Carlsbad, CA, May 06, 2025 (GLOBE NEWSWIRE) -- Palisade Bio, Inc. (Nasdaq: PALI) (“Palisade”, “Palisade Bio”, or the “Company”), a clinical-stage biopharmaceutical company focused on developing and advancing novel therapeutics for patients living with autoimmune, inflammatory, and fibrotic diseases, today announced the presentation of positive preclinical data from PALI-2108, an orally administered, colon-specific phosphodiesterase-4 (PDE4) inhibitor prodrug in development for patients with ulcerative colitis (UC). The presented data highlighted the efficacy and safety profile of PALI-2108 in a mouse model of colitis, with a particular focus on its impact on PDE4B expression, cAMP levels, and TNF-α suppression as well as predicting efficacious PALI-0008 levels in patients.

The first poster titled, “PALI-2108, A Colon-Specific PDE4 Inhibitor Prodrug, as Bioactivated in the Colon and Reduces Colon Tissue PDE4B in a Dose-Dependent Manner, Increasing c-AMP and Suppressing TNF-α in A Mouse Model of Colitis” was presented as a Poster of Distinction as part of the “In Vivo Models of Gastrointestinal Disorders” session at Digestive Disease Week® (DDW) 2025 being held May 3–6, in San Diego, California.

“We continue to build a growing body of preclinical and clinical results for PALI-2108 that underscores its potential to be an important option for patients with inflammatory bowel diseases, like ulcerative colitis,” said Mitch Jones, MD, Ph.D., Chief Medical Officer of Palisade Bio. “We continue to make encouraging progress in our ongoing Phase 1a/b study of PALI-2108 in UC and expect to report topline data from the completed Phase 1a portion of the study by the end of May 2025.”

For the preclinical study, colitis was induced in mice using 4% dextran sulfate sodium (DSS) in drinking water.

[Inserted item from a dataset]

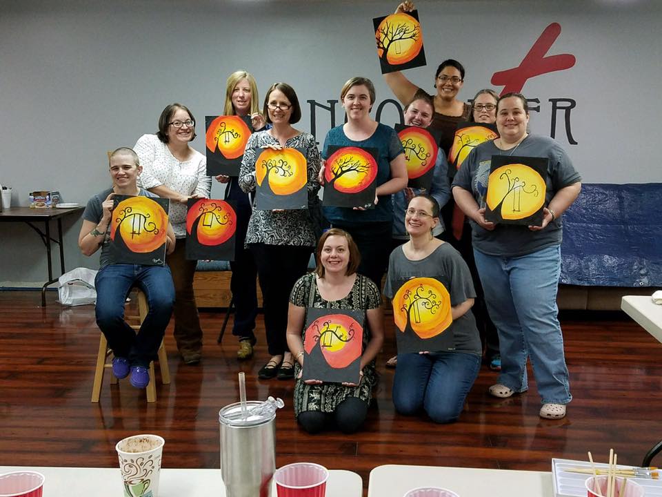 For the last several years I’ve lead a moms group at our church. It’s been a wonderful ministry, but this year I’m stepping down from leading. I planned a fun painting night for us for our last meeting. We had a great time and made some wonderful memories as well as art!

Mice were treated with PALI-2108 at 20, 40, or 80 mg/kg BID, cyclosporine A (40 mg/kg), or apremilast (12.5 mg/kg). Clinical disease progression was monitored through changes in body weight, stool consistency, and fecal blood scores, with the Disease Activity Index (DAI) calculated to quantify disease severity. Colon biopsies were collected for analysis of PDE4B expression, expression of inflammation related genes, cAMP levels, and TNF-α expression.